Enter RMTC.  In an effort to produce National uniform medication rules, the RMTC has come up with a plan.  First, limit the number of medications that can be used therapeutically in race horses, and regulate them.  Have uniform National thresholds based on scientific studies which provide valid and realistic withdrawal time guidelines for trainers and veterinarians.  The Executive Director of the RMTC has suggested that adopting these rules actually reduces positive tests(2).  However, recent issues cropping up across the country seem to dramatically refute that claim.

The first uniform medication rule to be implemented across the country was to drop the acceptable phenylbutazone level from 5 µg/mL to 2 µg/mL.  Even though all of the pain relieving effect
of phenylbutazone is eliminated at the 5 µg/mL level(3), racing commissions in various jurisdictions felt that this threshold allowed levels at the time of the pre-race exam that interfered with their ability to determine if a horse was sound.  Nonetheless, at the time the change was made, the recommended withdrawal in many jurisdictions remained 2 g IV at 24 hours(4).  This, despite having data collected at the University of Florida showing that only 95% of the horses that received the original 2 g IV dose were below the regulatory threshold(5).  Which is akin to routinely giving a speeding ticket to one in 20 cars going 55 mph in a 55 mph zone.  Although the 24 hour 2g dose recommendation was continued in several states after the threshold change, the RMTC changed the dose to 9 cc (1.8 g) IV at 24 hours for the model rule, and state recommendations vary from the model rule recommendation to 1 g IV at 24 hours (KY)(6), 2 g IV at 28 (VA) or even 2 g IV at 36 hours (WV)(4).  You have no way of knowing for sure until you get back a positive test.  So much for uniformity.

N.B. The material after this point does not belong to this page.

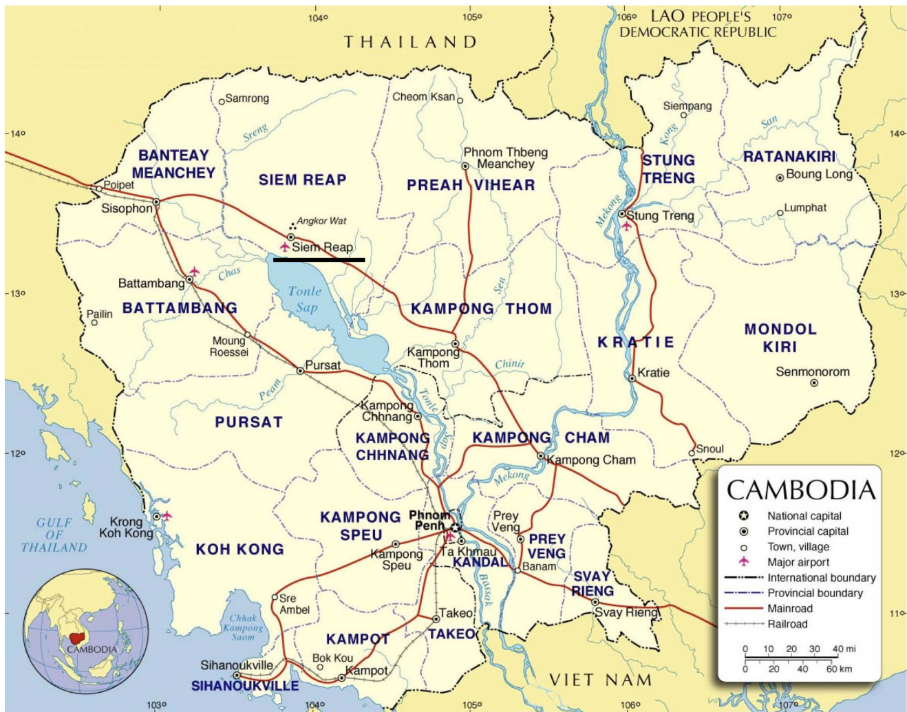
Figure 1. Location and map of Cambodia. AHC is in Siem Reap (underlined). Map: United Nations, 2004 ( http://www.un.org/Depts/Cartographic/map/profile/cambodia.pdf ). Accessed 2nd January 2013. doi:10.1371/journal.pone.0060634.g001

little published information on the causes of fever in Cambodian children.

Flunixin (aka Banamine®) is another example where the RMTC has been flat wrong in their withdrawal recommendations.  The manufacturer’s recommended dose is 500mg, or 10 cc to a 1,000 pound horse.  Originally the RMTC recommended that this dose be administered no closer than 24 hours pre-race(4).  Somehow, the decision was made that the cutoff for a positive test was going to be 20 ng/ml in blood(5).  This, despite the unhappy fact that when you actually read the studies, the science indicates that many 24 h post-race samples will exceed the 20 ng/ml threshold(7).  When post-race samples came up positive in droves, confirming this already-known detail, the RMTC backtracked.  In their meeting this spring at Gulfstream Park, they heard the “positives” message; their solution was to leave the sacred 20 ng/ml threshold in place but to move the withdrawal time out to 32 hours(8).

The RMTC doesn’t seem to be any more clued in with Ketoprofen.  When they set the original 10 ng/ml level, they had minimal “positives.”  So, since they couldn’t believe NO ONE was “cheating” (because there were no positive tests) with this drug, at the same Gulfstream Meeting, the RMTC reduced the threshold to 2 ng/ml(8).  Still no problem with cheating (no positive tests), so surely a further reduction is coming.  Seems like every five minutes, the RMTC and subsequently various regulators are changing a rule or a recommendation, all without real, publicly reviewable substantive scientific evidence to support their “new” position.  If you can’t dazzle the horsemen with brilliant science, baffle them with confusing and ever-changing …well you know.  Somehow, the idea of getting the facts straight with scientifically sound research before implementing rules that profoundly affect the lives of the people and horses you regulate has escaped them.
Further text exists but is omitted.